A Symfony 7 CLI application for importing and processing coffee feed data using asynchronous and synchronous messaging based on user preferences.
Get the app running in 3 commands:
docker compose up -d # Start app and background worker
docker compose exec app php bin/console app:import-coffee-feed coffee_feed.jsonl --async -vvv # Import data
docker compose exec app sqlite3 var/data.db "SELECT COUNT(*) FROM coffee_beans;" # Verify importThis project processes coffee feed data from a local JSONL file and stores it in a SQLite database.
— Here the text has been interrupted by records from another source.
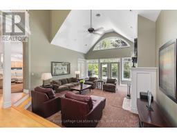 Nestled on a beautiful forested lot in the prestigious area known as The Forest located halfway between Collingwood and the ski hills. This beautifully crafted bungalow is a rare blend of luxury, space, and privacy. Surrounded by mature trees, two tranquil garden ponds with a charming waterfall feature, and beautiful private views, this property offers a peaceful retreat just minutes from town amenities. Built with exceptional craftsmanship, the home features a thoughtful main floor layout with a spacious primary suite, main floor laundry, and both a gas fireplace and a cozy wood-burning fireplace that add warmth and elegance to every season. The heart of the home opens to breathtaking views of the lush, private backyard, making it perfect for entertaining or quiet evenings at home. Upstairs, you'll find three generous bedrooms, a versatile den or movie room, and ample storage for family living or guest accommodations. A rare three-car garage provides plenty of space for vehicles, hobbies, or workshop needs. This is more than a home, it's a lifestyle property with timeless appeal, set on a large, landscaped lot in one of the area's most sought-after neighbourhoods. (id:50886)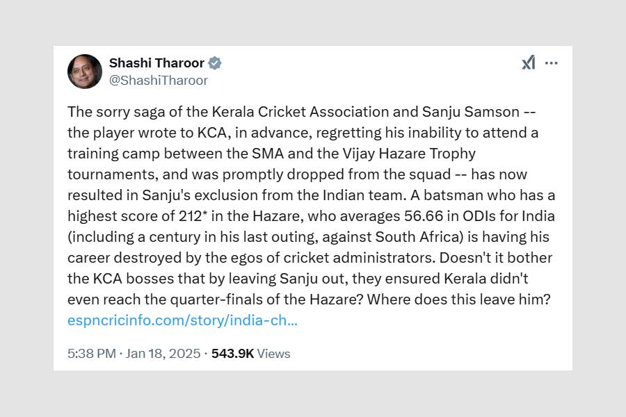 On January 19, Congress MP Shashi Tharoor had criticised the Kerala Cricket Association for mishandling Sanju Samson resulting in his exclusion from the Indian squad. He argued that Samson's impressive record is overlooked due to administrative egos, impacting both the player and Kerala cricket.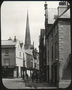 By the 1830s, Church Street had become increasingly congested and insalubrious, "narrow and dangerous".[3] According to local tradition, a local gingerbread maker, Mrs Syner, was closing the shutters of her shop one evening when the mail coach to Liverpool went through at a gallop. Her apron strings were caught in one of the horses' harnesses, and she was dragged along the ground for some distance.[4] Escaping serious injury, she grabbed the coachman's whip, knocked out some of his teeth with the handle, and marched back to her shop to begin organising a petition for a new road to be built to bypass Church Street. The Borough Council then organised a competition for the best scheme, with a prize of £10 for the winner. The prize was won by local architect George Vaughan Maddox, who proposed a new carriage road — now Priory Street — on a viaduct immediately above the bank of the River Monnow. Work began on the new road in 1834, and it was opened in 1837.[5][6]

It uses Symfony's Messenger component for asynchronous message handling and includes test coverage with PHPUnit and Behat.
Purpose: The application efficiently ingests large coffee product feeds by decoupling the read (JSONL parsing) from write (database insertion) operations. Data is chunked into 20-item batches and processed either synchronously for immediate results or asynchronously via a background queue worker for better resource utilization.
- Framework: Symfony 7
- PHP Version: 8.4+
- Database: SQLite
- Messaging: Symfony Messenger with Doctrine transport
- Testing: PHPUnit 13, Behat (BDD)
- Containerization: Docker (Alpine-based multi-stage build)
├── src/
│ ├── Command/ # CLI commands
│ ├── Entity/ # Database entities (CoffeeBean, etc.)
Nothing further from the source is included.